Categories


Authors

The Proper A Tire For The Ride

The Proper A Tire For The Ride

For those who know me know I drive an old car. By old I mean a 2007 Toyota Corolla with over 299,999+ miles on it. I write + because the odometer stopped working (by design) at that number two years ago this July (happy anniversary, odometer, I hardly knew ye).

Being an old car I do my best to keep it on the road. Two weeks ago I bought four brand new tires, and replaced the muffler, so I was good to go for now.

Didn’t realize just how short ‘for now’ was going to be.

Last week I hit the highway, but this time the highway hit back.

Approached the exit for Somerville on 287 when I felt and heard a thump. I looked at the highway, but didn’t see anything, either a head of me or behind. On the exit ramp the car started to rumble, and fortunately I was right by a strip mall so landed there.

My two-week-old tire on the back passenger side was flat. I called Triple-A and they gave me a forty-five minute window when they would arrive. In the mean time I dug the donut spare tire out of my over-crowded trunk. As I did that, several cars passed me in the deserted parking lot, and not one thought to asked if I needed help. Granted, in the age of cell phones, most people have help on the way, but still would have been nice to be asked (like prom).

People just don’t care.

Not a minute later, I was proven wrong.

A very large car carrier pulled in front of my car, a woman behind the wheel and a man beside her (found out later husband and wife).

The man jumps out of the cab and shouts he could change my tire for free, no charge.

“You Triple A?” I asked.

“No,” he talked as he walked, “we saw you from the highway and couldn’t just leave you here if we could help.”

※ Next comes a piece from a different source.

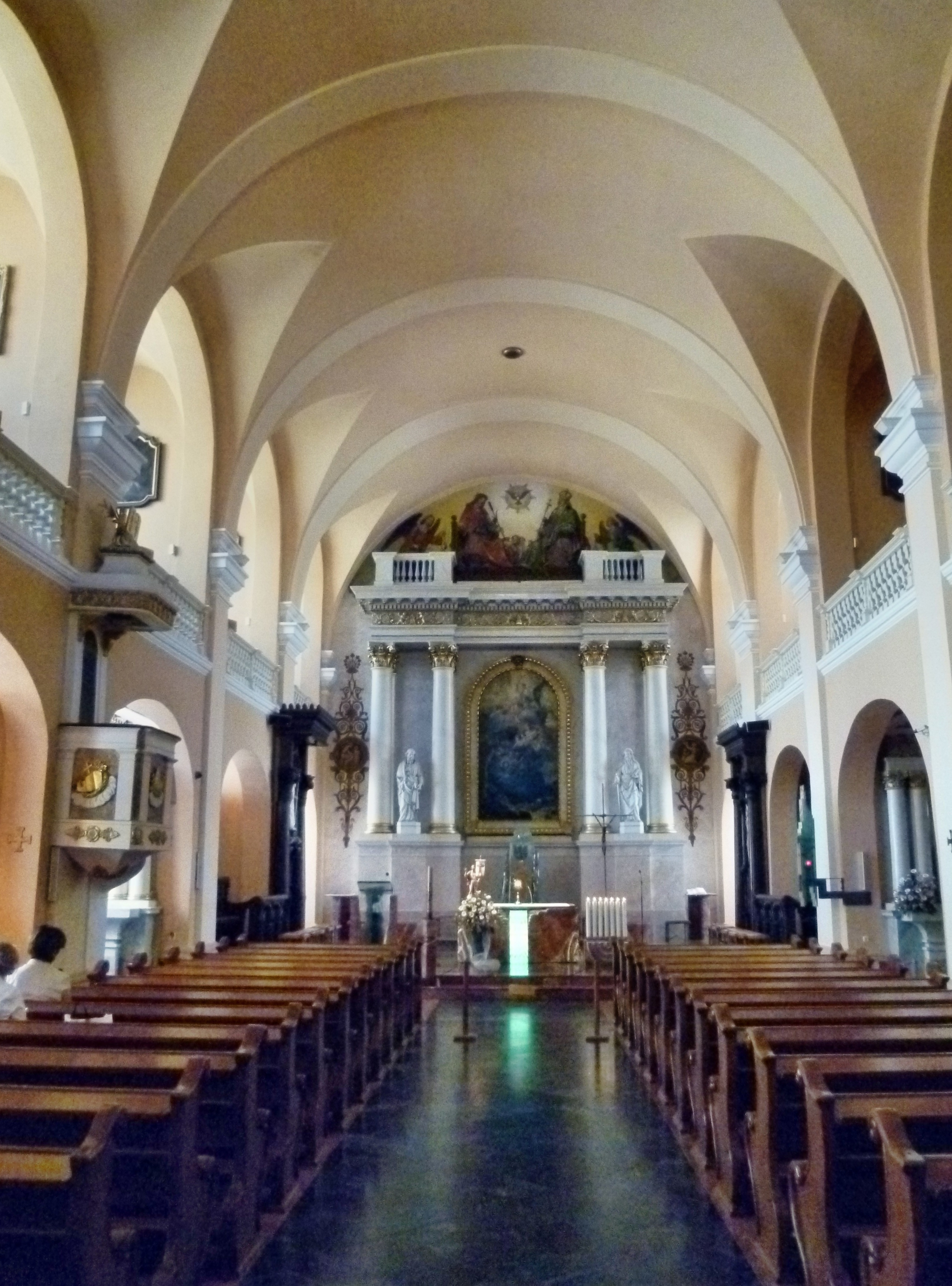 Central nave of the St. Francis Xavier Cathedral in Banská Bystrica (Slovakia).

Just like that, faith in humanity restored (for now).

He changed my tire, and warned me that the donut spare was not in good shape. I assured him I only had to go a few miles to my mechanic, and I would be fine.

I was not.

I made it to the mechanic, but the amount of prays I threw out over the noises and bumps coming from the back of my car were biblical.

Thankfully, when it comes to cars, I always say, ‘I got a guy’, and boy did he save the day.

When I pulled into his shop, he was very busy, but listened to my story, removed that flat to see if he could repair it.

He could not.

Apparently I did not drive over a nail, but a spike the width of a finger, so a plug, not even a patch, would work.

“Can I just buy a tire?” I asked, desperate.

He doesn’t sell tires from the garage, he orders them to be delivered the next day.

“Do you have an extra donut spare tire in the garage?”

No, and the one I drove in on would never make it out of the parking lot.

The my guy said, “Hold on,” and disappeared into the back of the garage.

If you remember, I wrote that these tires were two weeks old. In New Jersey (and probably other states) you pay a fee when you buy new tires to ‘dispose’ of the old ones.

Well, fortunately for me, my old tires had not yet been disposed of, so one of them found itself back to work on my car.

The next day I returned to have a new tire put on my car (with a new rim) and kept the old tire that was on my car as a spare (no more donut!)

After a shaky twenty-four-hours my car was back on the road, good as new (sort of).

Bottom line, it’s as simple as this...

...my car doesn’t want to die, and I’m not about to be the one who kills it.